Consciente de su deplorable aspecto, se dirigió al recepcionista con actitud desafiante, reclamó el teléfono para hacer una o dos llamadas y preguntó si en su ausencia había habido alguna visita o alguna llamada.

– ¿Alguna? ¡Hombre, si desde que se inscribió usted en el hotel, esto parece el baile de la Bombilla!

Las peripecias de la jornada habían agotado las energías del inglés. Sintiéndose desfallecer, pidió al recepcionista un vaso de agua. El recepcionista sacó un botijo de debajo del mostrador y se lo dio. El agua fresca con aroma de anís le devolvió la vida.

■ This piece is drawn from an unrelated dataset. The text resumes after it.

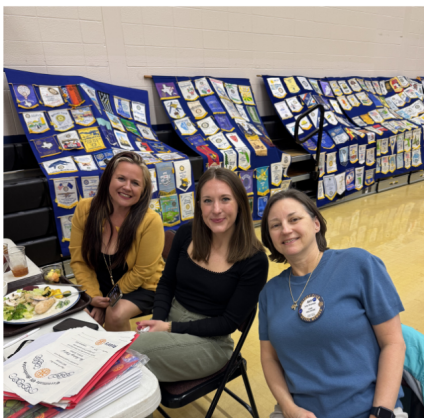
The Team That Keeps us Rolling!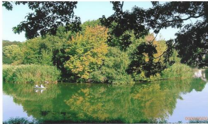
Arlington Land Trust, Elizabeth Island

– No debería extralimitarse -dijo el recepcionista en un tono que aunaba la ironía con un deje de ternura. Y acto seguido enumeró las idas y venidas-. Primero la gachí se largó con el churumbel y se llevó sus cosas. Si eran sus cosas de ella o las de usted, no es asunto mío. Luego vino aquel señorito del otro día, el gracioso de la pistola. En viendo que usted no estaba, se fue malhumorado sin decir oste ni moste. Volverá. Y hace una hora o poco más compareció el señor del primer día.

– ¿El primer día?

– Con tanto trasiego, lo habrá olvidado. El primer día de estar usted en el hotel vino a por usted un señor muy elegante, extranjero por más señas. Hablaba un castellano fetén. Demostró gran interés por usted, pero luego no volvió. Hasta hoy. Su ausencia le ha contrariado mucho y ha dejado un número de teléfono y el ruego de que le llamase en cuanto viniese.

– ¿Y no ha dejado dicho su nombre?

– No. Sólo ha dejado el número de teléfono y un perfume de sarasa que de poco me da algo.

Anthony recordó la misteriosa visita y también haberla mencionado a Harry Parker en una de sus entrevistas. El diplomático dijo no saber nada de ella. Tal vez mentía. La única forma de salir de dudas era llamando al número anotado por el anónimo visitante. Decidió aplazar la llamada a Harry Parker hasta después, por si de la otra llamada surgía un aspecto nuevo de la cuestión. En cuanto a Guillermo del Valle, lo mejor era no hacer nada. En aquel momento le traía sin cuidado lo que pudiera suceder en el seno de la Falange y no sentía el menor deseo de establecer nuevos contactos con la familia del duque de la Igualada.

Al número que le había dado el recepcionista respondió una voz velada, trémula e irreconocible. Al identificarse Anthony Whitelands, el otro se pasó al inglés.

– He de verle con urgencia -dijo-. Por teléfono no es prudente hablar. Le espero dentro de una hora en Chicote. No avise a nadie. Venga solo.

– ¿Cómo le reconoceré?

– Yo le reconoceré a usted. Y usted a mí también. En una hora. Chicote. He de colgar.